Pourquoi la zone euro ne parvient-elle pas à être un atout pour que l’Europe puisse s’imposer économiquement ? La monnaie unique n’a en effet pas tenu ses promesses, quand elle n’a pas été le détonateur d’une crise économique comme en Grèce. Dani Rodrik, professeur d’économie à l’université d’Harvard, propose une réponse intéressante. Une comparaison toute simple qui illustre parfaitement le dilemme dans lequel se trouve aujourd’hui empêtrée l’Europe : choisir entre une intégration économique poussée, symbolisée par la monnaie unique, des Etats-nations souverains et la démocratie.
L’absence d’union politique rend l’Europe plus vulnérable à la crise
Comme le résume le Washington Post, « le paradoxe, selon Rodrik, c’est que la mondialisation ne peut fonctionner pour tout le monde que si tous les pays obéissent aux mêmes règles, appliquées par un gouvernement technocratique mondial. Mais en réalité, la plupart des pays ne sont pas prêts à abandonner leur souveraineté, leurs institutions et leur liberté de contrôler leur économie selon leurs intérêts propres ». En d’autres termes, concilier intégration économique, démocratie et souveraineté nationale est impossible.
Prenons par exemple une comparaison entre la Grèce et la Californie. Comme la Grèce et le reste de la zone euro, les Etats-Unis sont un Etat démocratique. Comme la Grèce et le reste de la zone euro, la Californie partage la même monnaie que les autres Etats américains. Pourquoi alors ses difficultés ne mettent pas les Etats-Unis dans la même situation que la zone euro ?
L’argument de Rodrik est simple : la Californie a abandonné une grande partie de sa souveraineté à l’Etat fédéral américain. Le reste du pays, la Fed en tête, est donc prêt à voler au secours de la Californie menacée de la faillite. A l’inverse, « l’inachèvement des institutions européennes laisse l’Europe particulièrement vulnérable face à la crise ». Car si tous les Etats poursuivent leur propre intérêt économique, aucun n’est prêt à consentir aux efforts nécessaires pour sauver la Grèce… et l’euro.

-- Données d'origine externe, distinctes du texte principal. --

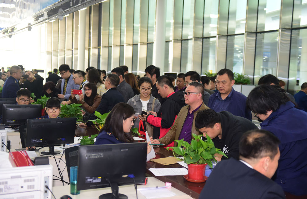 2017年4月10日,中國(遼寧)自由貿(mào)易試驗區(qū)沈陽片區(qū)揭牌當日,眾多企業(yè)咨詢注冊。新華社記者楊青 攝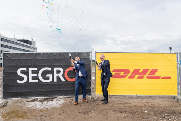 Eelco Ouwerkerk di Segro Nederland (a sinistra) e l’amministratore delegato della DHL, Henk Venema (a destra), festeggiano l’avvio del cantiere.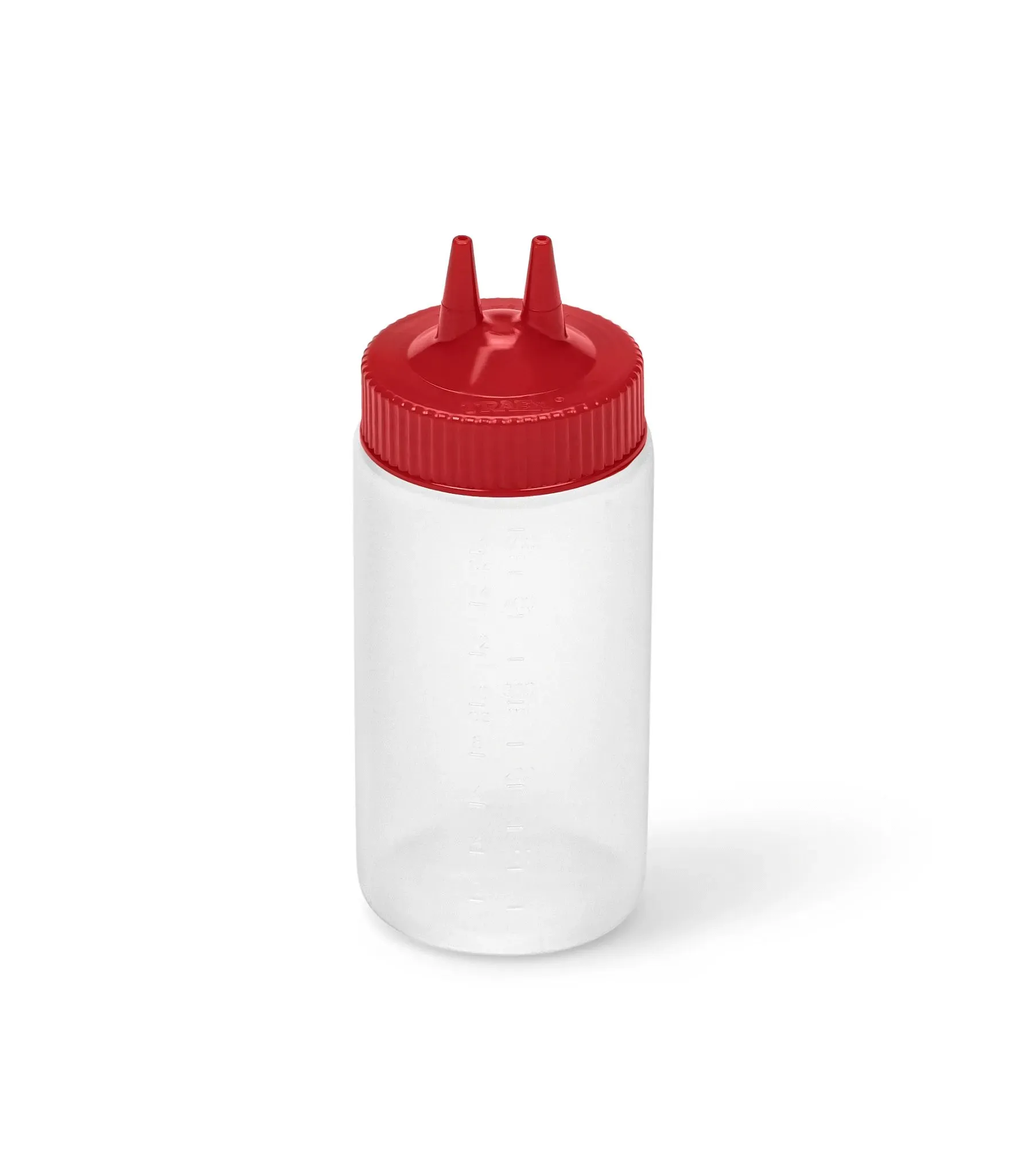Provide easy access to popular condiments with the Traex Color-Mate Twin Tip wide-mouth squeeze dispenser by Vollrath. With this dispenser, you'll be able to provide easy, mess-free service, every time! The durable yet flexible polyethylene construction is easy to squeeze for fast service, and the clear bottle offers excellent visibility, allowing you and your guests to identify the contents at a glance. Meanwhile, the red top fits perfectly into your color-coded system. The Twin Tip design saves time in high-volume areas and allows you to quickly dispense condiments on larger food items like salads, sandwiches, and more. Cut the tips to dispense more viscous sauces, or leave as is for thinner liquids. Thanks to the clearly embossed capacity graduations, it's easy to monitor and control portions. The wide mouth ensures easy refilling, and both the bottle and the top are dishwasher safe, for fast, convenient cleaning.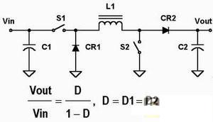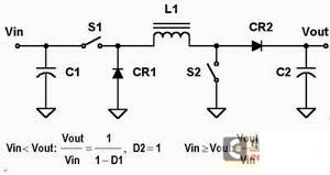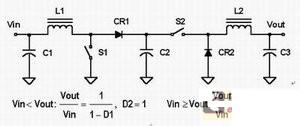 圖1a的電路盡管是四個電路中最復雜的,卻有幾個優點。它的輸入和輸出電流被電感平滑處理,減小了輸入和輸出端的紋波電流以及對電容C1和C3的電流應力。但是這一方案也有缺點,電容C2的電流不管是當Vin小于Vout時來自CR1還是當Vin大于Vout來自S2,它都會有中斷,而且它需要兩個電感。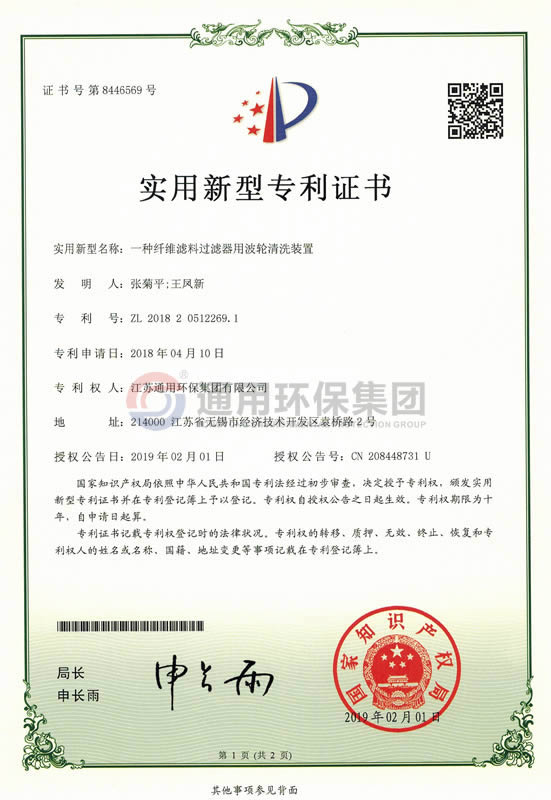 一种纤维滤料过滤器用波轮清洗装置实用新型专利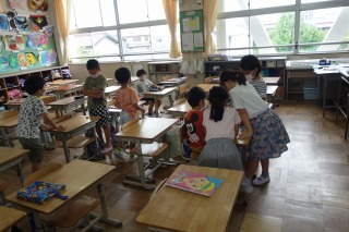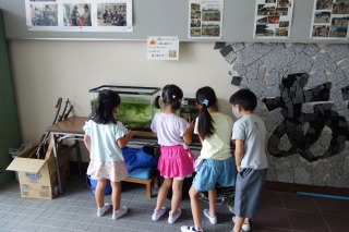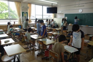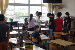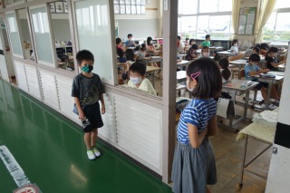 子どもたちは、休み時間に、久しぶりに会った友達と話をしたり、水そうのメダカを見に行ったり、外へ遊びに行ったりして過ごしました。

L’Europe devra choisir entre intégration économique, souveraineté nationale et démocratie
La zone euro se trouve donc face à un dilemme que résume bien l’économiste Alexandre Delaigue pour Libération : « Amplifier [l’intégration économique européenne] pour passer à la monnaie unique exige de soit renoncer à la souveraineté nationale, soit à la démocratie. Et l’Europe a choisi de ne pas choisir. La politique monétaire a été transférée à une instance technocratique, la Banque centrale européenne, sur laquelle ne s’exerce aucun contrôle démocratique. La politique budgétaire est, elle, restée le lieu de la souveraineté étatique et des choix démocratiques. La crise actuelle est l’expression de cette absence de choix ».
Une plus grande intégration économique demande des structures politiques plus développées et donc moins de marge de manœuvre pour les politiques nationales. Au contraire, le maintien de la souveraineté condamne à terme la monnaie unique. Si elle veut conserver l’euro, l’Europe n’a d’autre choix que celui du fédéralisme.